J'aime Le Super Bowl

News & Trends

Afganis call it "the donkey's game" and laugh at it because the ball is shaped like a fruit called kharboozah. Nonetheless, the Super Bowl has become a worldwide event: 800 million people in 147 countries watched last year's game, 85 percent of them outside the U.S. Why so much global interest in what one New Zealander dismisses as "big padded men crashing into other big padded men"?

When PT posed this question overseas via the Internet, we found that foreign viewers cared more about the surrounding hoopla than about the sport itself. "All of American culture is summed up in three hours," wrote Londoner Allstair Jeffs. "People in developing countries are fascinated by the technology used in the telecast," added Jai Maharaj from India. As for the actual game, most respondents disliked what one Belgian dubbed its interruptions continues, preferring the non-stop action of soccer.

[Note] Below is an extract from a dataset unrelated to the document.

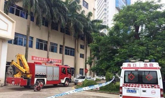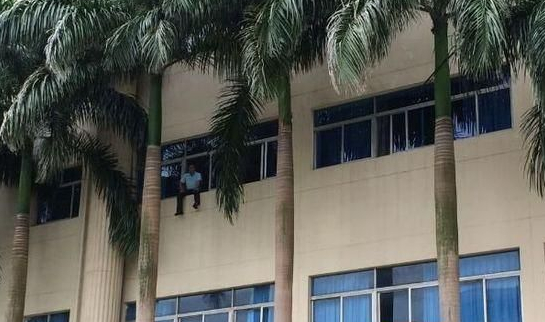 南海网海口6月13日消息 今天上午10点左右,在金盘某通信公司办公楼三楼,一男子爬上窗口欲跳楼,并在微博上直播自己将要跳楼。截止目前,公安,消防,救护车辆都已经在现场。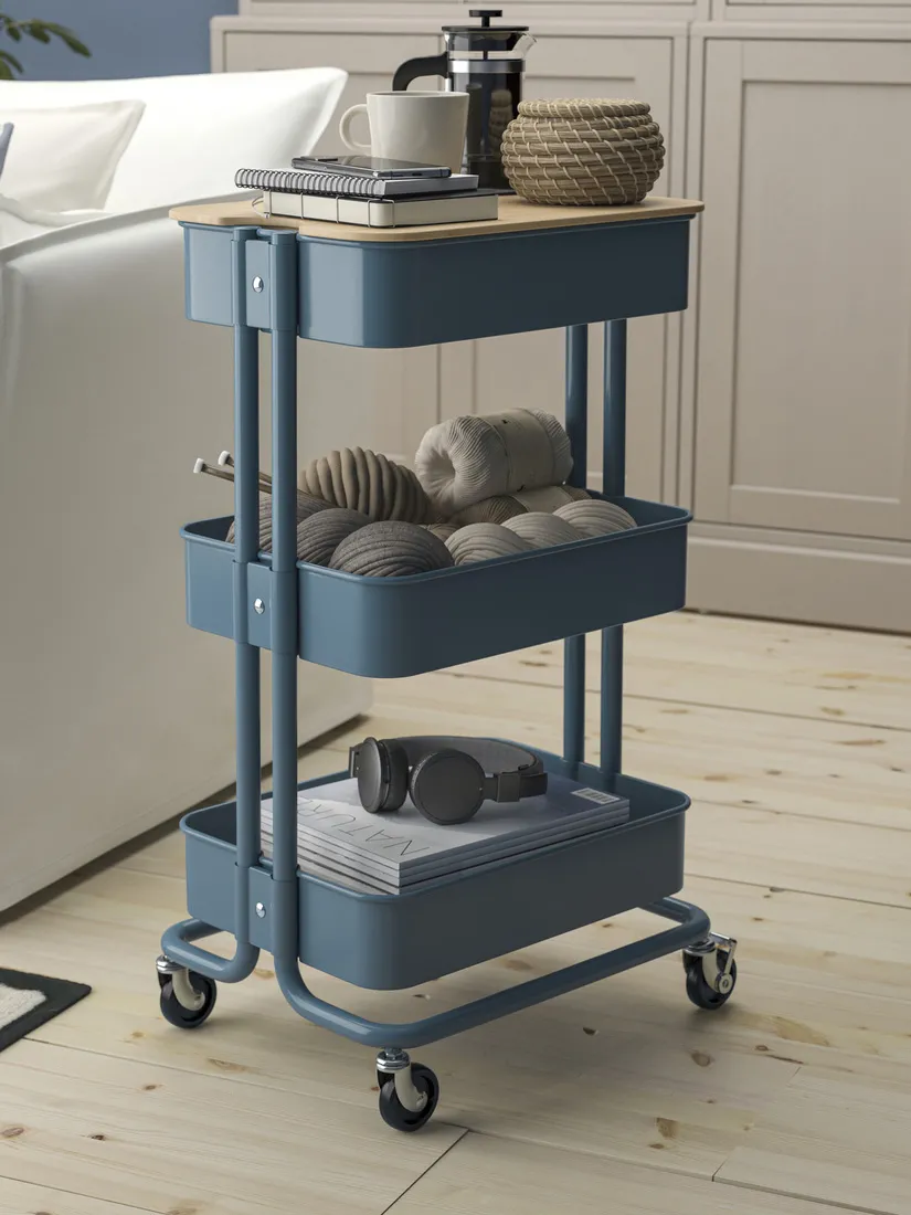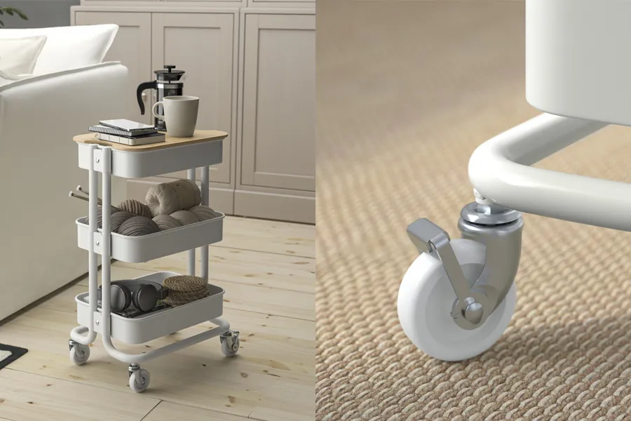 RÅSKOG Series: The most popular kitchen trolley, it has been tested against our strictest standards for stability, durability and safety to withstand everyday use in your home for years. Pair it with the NORRÅVA top cover hiding smaller items that often look messy.

Why is the staccato pace of football more acceptable to Americans? Perhaps because it jibes with our sense of time, suggests Robert Levine, Ph.D., a psychologist at California State University, Fresno. "Soccer games [slowly] build to a crescendo and finally the goal comes," says Levine. "There is something primal about this rhythm; countries that appreciate soccer value it. In America, we need constant stimulation and change."